(Beginning of DATA SECTION)

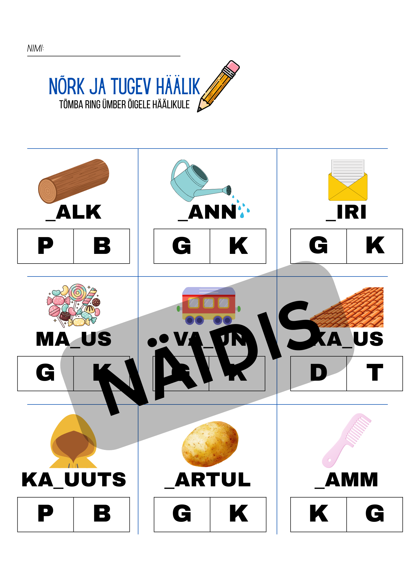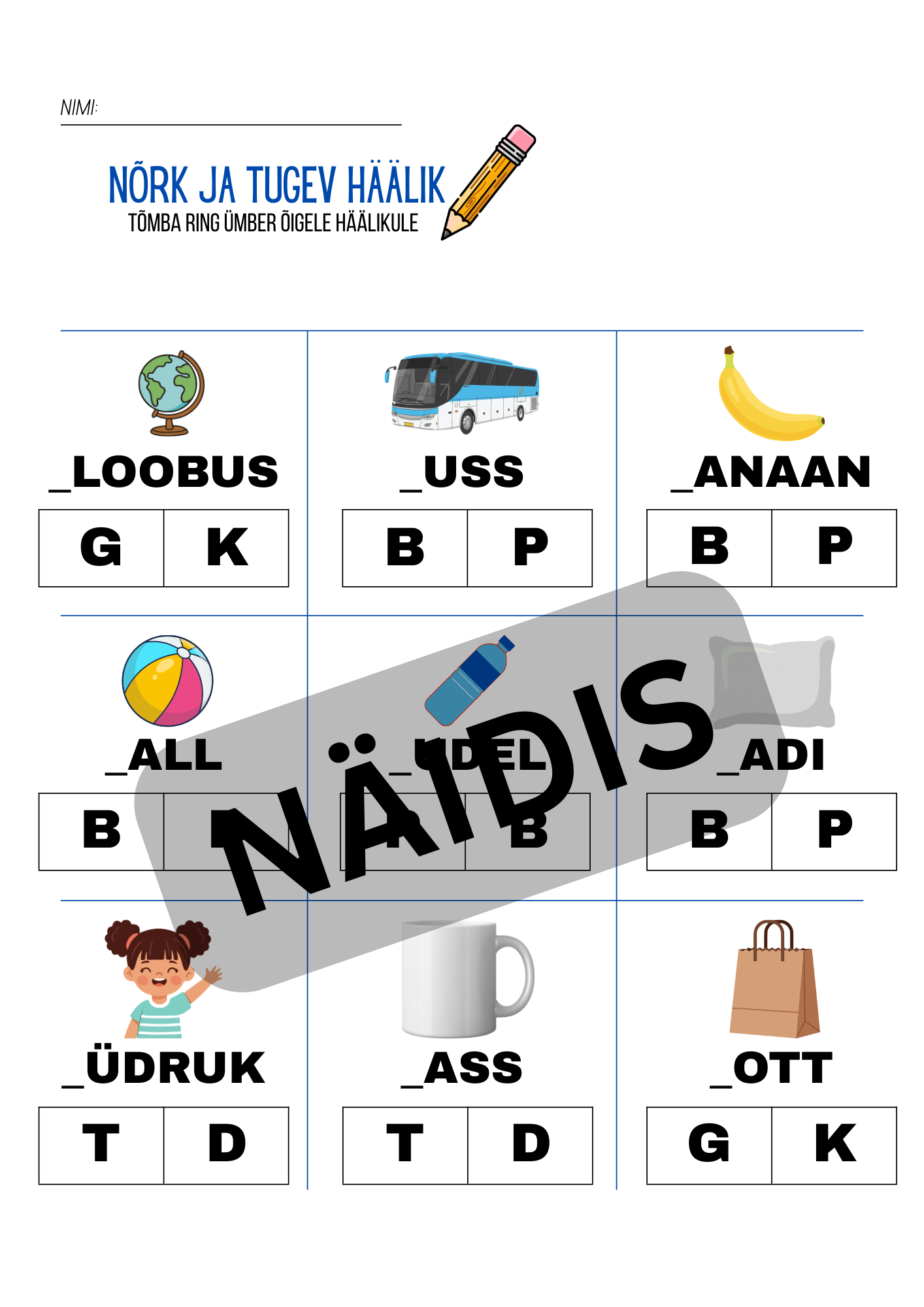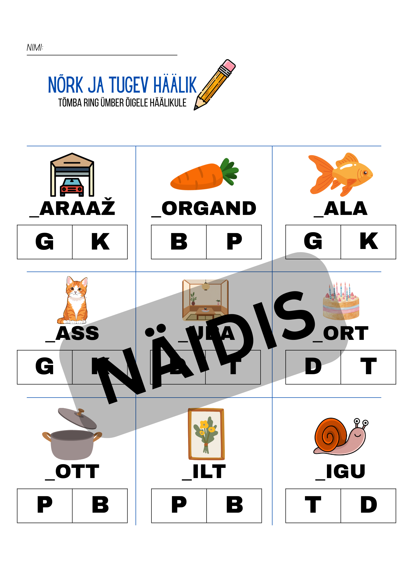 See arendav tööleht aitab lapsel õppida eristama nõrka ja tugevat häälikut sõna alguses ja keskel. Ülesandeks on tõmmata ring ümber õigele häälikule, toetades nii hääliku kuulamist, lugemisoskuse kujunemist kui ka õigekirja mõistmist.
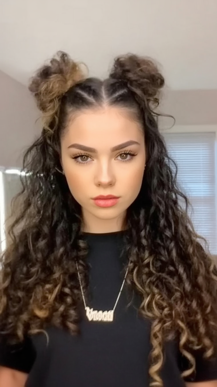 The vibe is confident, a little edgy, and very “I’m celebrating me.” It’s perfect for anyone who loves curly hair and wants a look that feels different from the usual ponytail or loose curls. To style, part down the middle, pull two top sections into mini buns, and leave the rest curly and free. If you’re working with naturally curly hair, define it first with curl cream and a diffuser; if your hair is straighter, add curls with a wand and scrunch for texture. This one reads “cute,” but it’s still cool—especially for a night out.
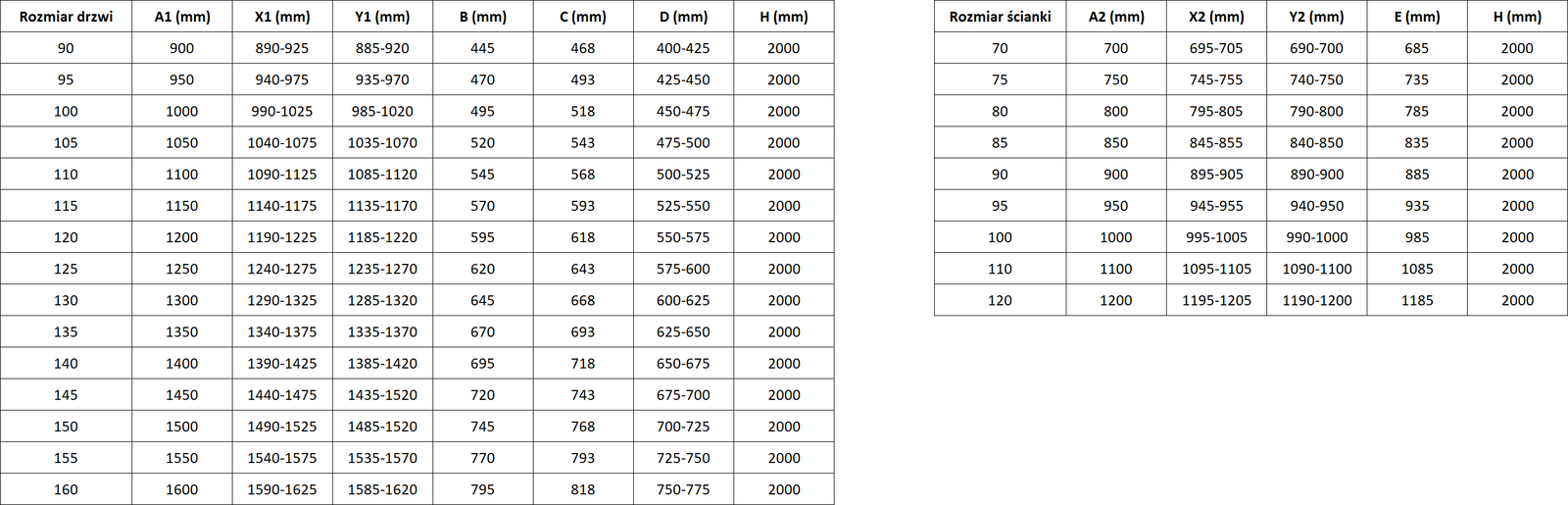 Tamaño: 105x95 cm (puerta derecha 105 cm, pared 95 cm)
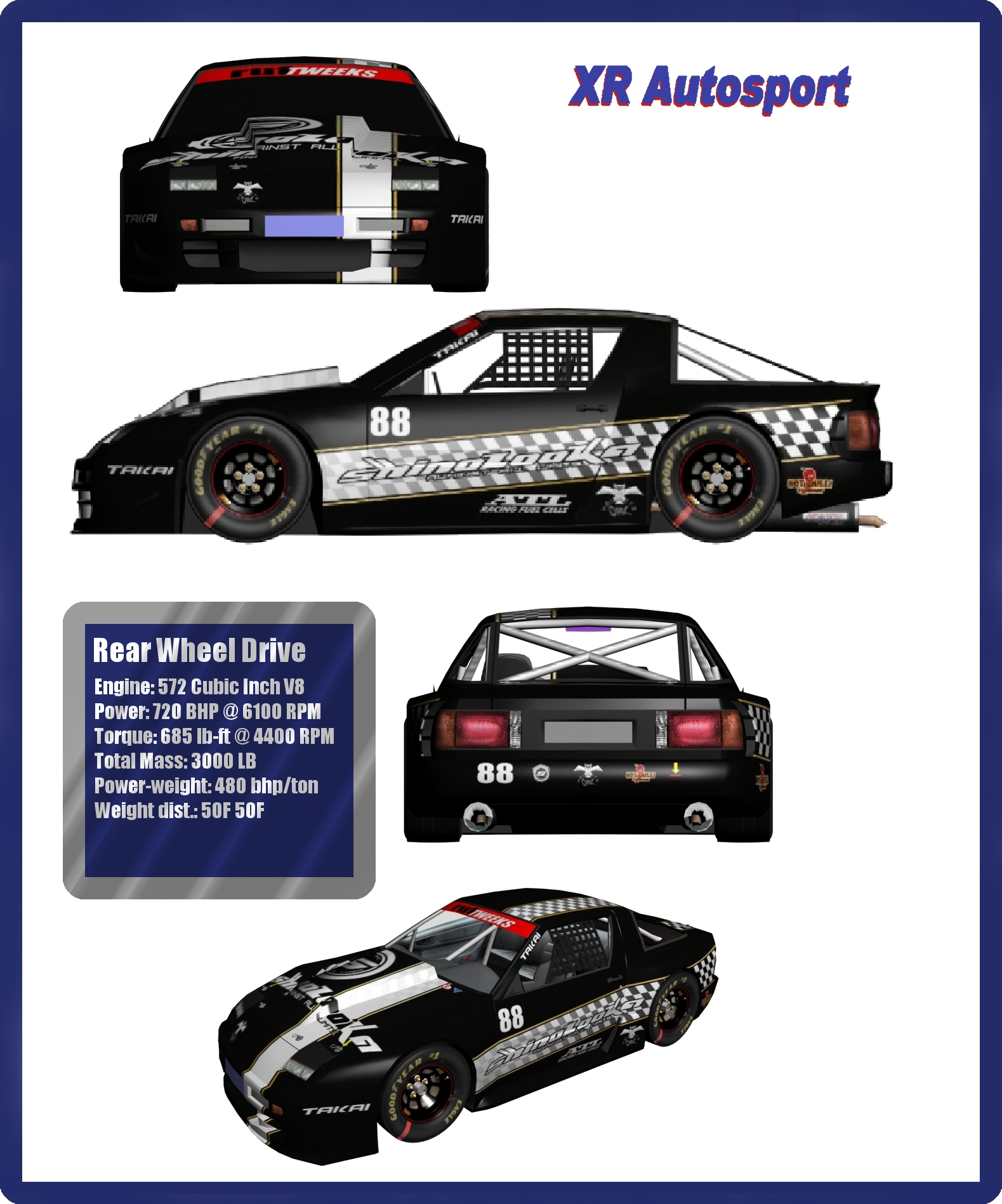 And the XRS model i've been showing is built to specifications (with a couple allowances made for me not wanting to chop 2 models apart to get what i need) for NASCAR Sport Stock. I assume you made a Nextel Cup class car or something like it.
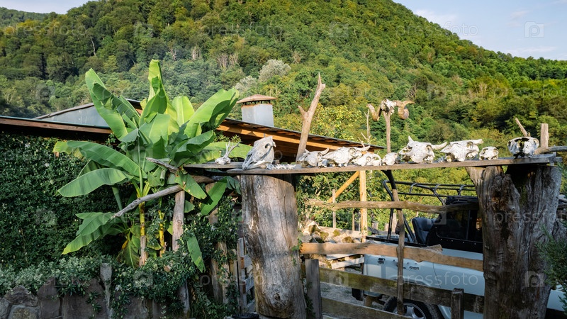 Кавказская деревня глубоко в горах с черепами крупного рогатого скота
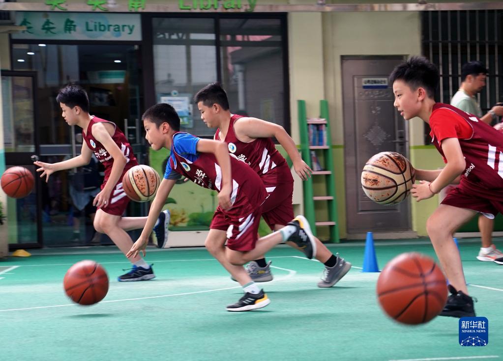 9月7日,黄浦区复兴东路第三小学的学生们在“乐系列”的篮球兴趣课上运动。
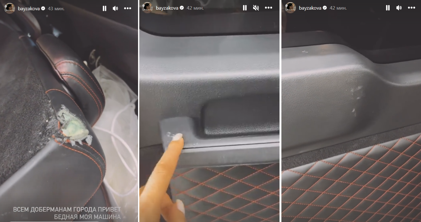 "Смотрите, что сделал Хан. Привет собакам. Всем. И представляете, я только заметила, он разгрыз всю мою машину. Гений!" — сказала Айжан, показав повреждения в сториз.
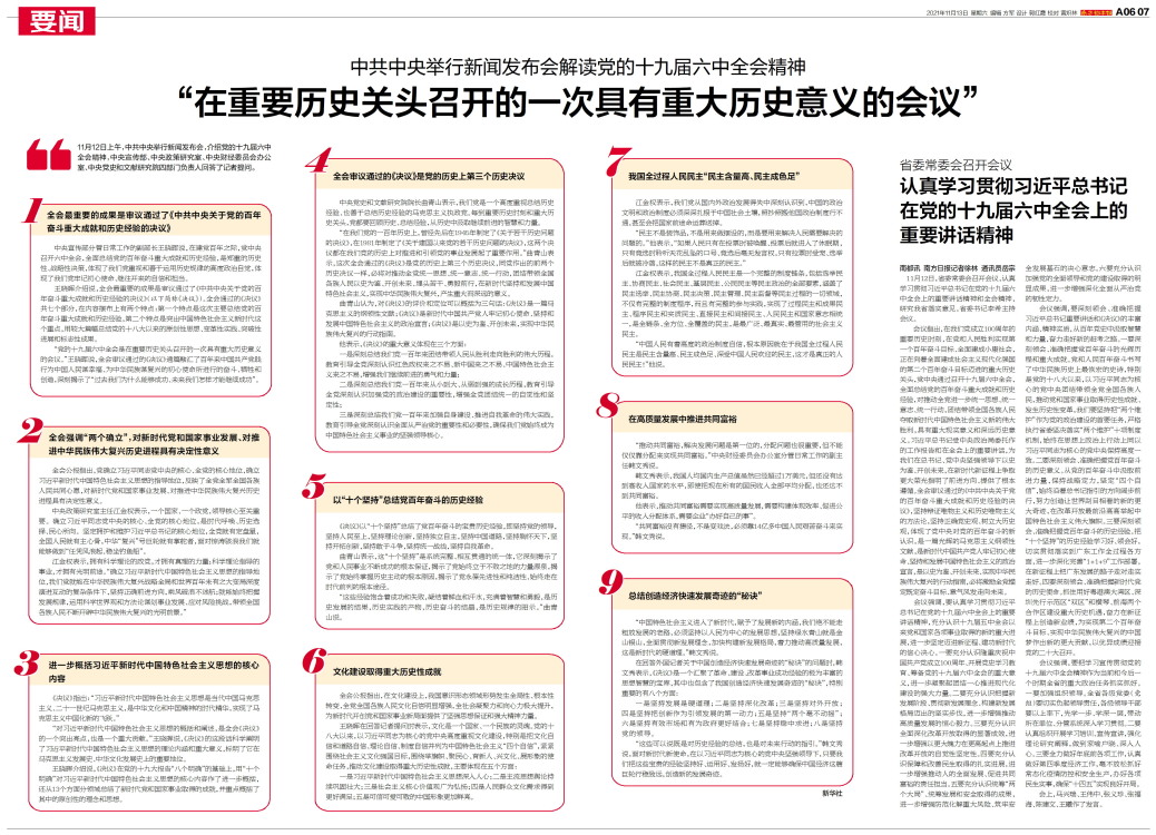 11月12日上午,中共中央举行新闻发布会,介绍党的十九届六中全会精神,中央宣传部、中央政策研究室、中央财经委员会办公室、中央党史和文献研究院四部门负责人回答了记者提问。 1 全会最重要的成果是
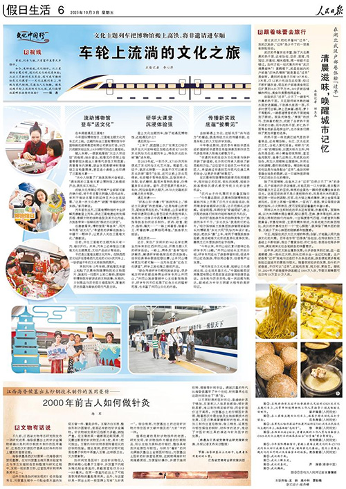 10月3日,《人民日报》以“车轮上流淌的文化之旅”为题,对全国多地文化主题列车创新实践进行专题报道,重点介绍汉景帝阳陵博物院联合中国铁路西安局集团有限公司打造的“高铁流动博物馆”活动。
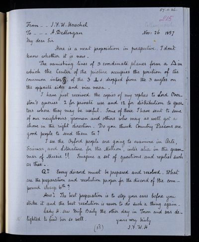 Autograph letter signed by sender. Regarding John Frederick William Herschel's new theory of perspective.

(End of DATA SECTION)

Leave the pictures out, and transcribe exactly the lines above starting at the one that contains "Tamaño: 105x95 cm" and ending at the one that contains "повреждения в сториз.".

- OUTPUT FOR THIS EXERCISE
 Tamaño: 105x95 cm (puerta derecha 105 cm, pared 95 cm)
 And the XRS model i've been showing is built to specifications (with a couple allowances made for me not wanting to chop 2 models apart to get what i need) for NASCAR Sport Stock. I assume you made a Nextel Cup class car or something like it.
 Кавказская деревня глубоко в горах с черепами крупного рогатого скота
 9月7日,黄浦区复兴东路第三小学的学生们在“乐系列”的篮球兴趣课上运动。
 "Смотрите, что сделал Хан. Привет собакам. Всем. И представляете, я только заметила, он разгрыз всю мою машину. Гений!" — сказала Айжан, показав повреждения в сториз.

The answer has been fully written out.